Show HN: Factorio Learning Environment – Agents Build Factories
Project and Setup
- Framework exposes Factorio via a text-based Python API, built on remote console (RCON) tools running in-game and hot-loadable.
- Agents write small programs that call these tools; interaction is turn-based rather than pixel/mouse RL.
- No post-training: all models are off-the-shelf, given tool signatures, docstrings, and short “manuals” with examples.
- Humans have completed all early “lab” tasks using only the API, showing it is technically sufficient but slower than normal play.
Model Capabilities and Failures
- Strong correlation between coding ability and in-game performance; top models progress beyond early-game resource extraction.
- Two main weaknesses:
- Spatial reasoning: off‑by‑one placements, tangled layouts, mis-rotated inserters, and pipes with incompatible fluids adjacent.
- Long‑term planning: agents focus on local fixes and small constructs, rarely develop scalable production or compounding growth.

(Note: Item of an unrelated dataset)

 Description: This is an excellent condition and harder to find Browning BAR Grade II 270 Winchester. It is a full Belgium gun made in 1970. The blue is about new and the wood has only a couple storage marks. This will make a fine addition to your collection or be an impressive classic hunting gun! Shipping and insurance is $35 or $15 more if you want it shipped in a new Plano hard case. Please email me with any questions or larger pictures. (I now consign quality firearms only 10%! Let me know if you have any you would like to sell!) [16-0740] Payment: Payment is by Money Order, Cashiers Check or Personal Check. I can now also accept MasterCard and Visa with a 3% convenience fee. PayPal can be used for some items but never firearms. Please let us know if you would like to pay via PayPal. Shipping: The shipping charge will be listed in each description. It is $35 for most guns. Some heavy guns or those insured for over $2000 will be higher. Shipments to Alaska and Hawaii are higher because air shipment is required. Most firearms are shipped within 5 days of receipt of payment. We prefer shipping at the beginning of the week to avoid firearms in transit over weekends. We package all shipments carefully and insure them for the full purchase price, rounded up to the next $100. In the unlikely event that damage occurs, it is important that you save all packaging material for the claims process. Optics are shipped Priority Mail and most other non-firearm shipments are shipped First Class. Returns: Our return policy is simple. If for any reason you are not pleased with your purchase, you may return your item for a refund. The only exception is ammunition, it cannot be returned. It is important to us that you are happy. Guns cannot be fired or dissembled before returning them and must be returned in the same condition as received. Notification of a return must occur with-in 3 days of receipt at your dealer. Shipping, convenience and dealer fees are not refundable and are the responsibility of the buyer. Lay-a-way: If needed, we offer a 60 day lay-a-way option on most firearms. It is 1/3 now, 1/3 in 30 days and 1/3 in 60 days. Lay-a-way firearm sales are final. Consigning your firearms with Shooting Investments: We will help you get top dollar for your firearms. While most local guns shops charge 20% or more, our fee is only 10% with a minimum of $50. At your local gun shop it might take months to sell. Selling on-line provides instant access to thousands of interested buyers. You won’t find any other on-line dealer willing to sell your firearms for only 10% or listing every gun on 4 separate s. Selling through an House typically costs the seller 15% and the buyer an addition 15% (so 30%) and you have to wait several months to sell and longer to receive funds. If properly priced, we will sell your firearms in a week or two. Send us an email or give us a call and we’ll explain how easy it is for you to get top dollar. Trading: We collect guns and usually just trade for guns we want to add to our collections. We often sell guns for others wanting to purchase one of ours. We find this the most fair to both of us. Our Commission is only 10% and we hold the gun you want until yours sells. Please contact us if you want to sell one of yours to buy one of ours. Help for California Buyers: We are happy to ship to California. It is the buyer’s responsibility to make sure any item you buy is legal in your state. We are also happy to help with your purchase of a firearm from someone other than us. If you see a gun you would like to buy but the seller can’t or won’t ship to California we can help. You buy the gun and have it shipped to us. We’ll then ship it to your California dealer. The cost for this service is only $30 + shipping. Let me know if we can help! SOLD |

- Models often loop on failing actions (“target fixation”) and struggle to recover from earlier design mistakes (e.g. broken topology).
- Oil and complex production chains are notably hard; agents can handle simple “essential tasks” in isolation but don’t reliably invoke them in open‑ended “build the biggest factory” episodes.

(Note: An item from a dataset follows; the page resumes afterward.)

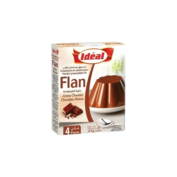 Idéal Chocolate Flan Dessert Mix is a rich and creamy powdered preparation that allows you to easily make smooth flan with a delicious chocolate flavor (نكهة الشوكولاتة). Known in Moroccan kitchens as فلان إيديال, it is a favorite dessert for both children and adults.

Spatial Representation and Modalities
- Current eval is text-only over object lists with coordinates and neighborhood info.
- Attempts with Mermaid diagrams, visual DSLs, and screenshots (VLMs) did not help; more entities made models more confused and hallucinatory.

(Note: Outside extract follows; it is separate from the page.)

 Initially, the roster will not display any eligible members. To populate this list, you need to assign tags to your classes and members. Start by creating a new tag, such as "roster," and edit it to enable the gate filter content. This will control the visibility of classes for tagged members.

- ASCII/grid or Unicode encodings are discussed but raise token-budget and tokenization issues; sparse symbolic encodings seem less confusing.
- Future ideas: relative-position vectors between entities, factorio-specific visual encoders, and a dedicated “FLE‑V” visual benchmark.
Benchmarks, Metrics, and Tasks
- Main metric is “production score” (value-weighted total output), with milestones for first-time automation of items; SPM is tracked but not primary.
- Community suggests richer tasks: tower‑defense style biter waves, factory-debugging and throughput optimization, belt balancers, train signaling, and large banks of tiny, auto-generated “IQ test” scenarios.
- Reward shaping analogies to Pokémon RL: incremental rewards for automating new items/science.
Classical AI, Tools, and Game AI Implications
- Several argue Factorio could largely be “solved” with GOFAI/OR/metaheuristics; FLE agents can, in principle, write or call such solvers (e.g., Z3), but none have yet.
- Broader view: LLMs should orchestrate specialized planners rather than directly micromanage all actions.
- Debate over using LLMs as in‑game opponents: many doubt it’s necessary or fun for most genres, but see promise for coaches, strategy AIs, and diplomacy.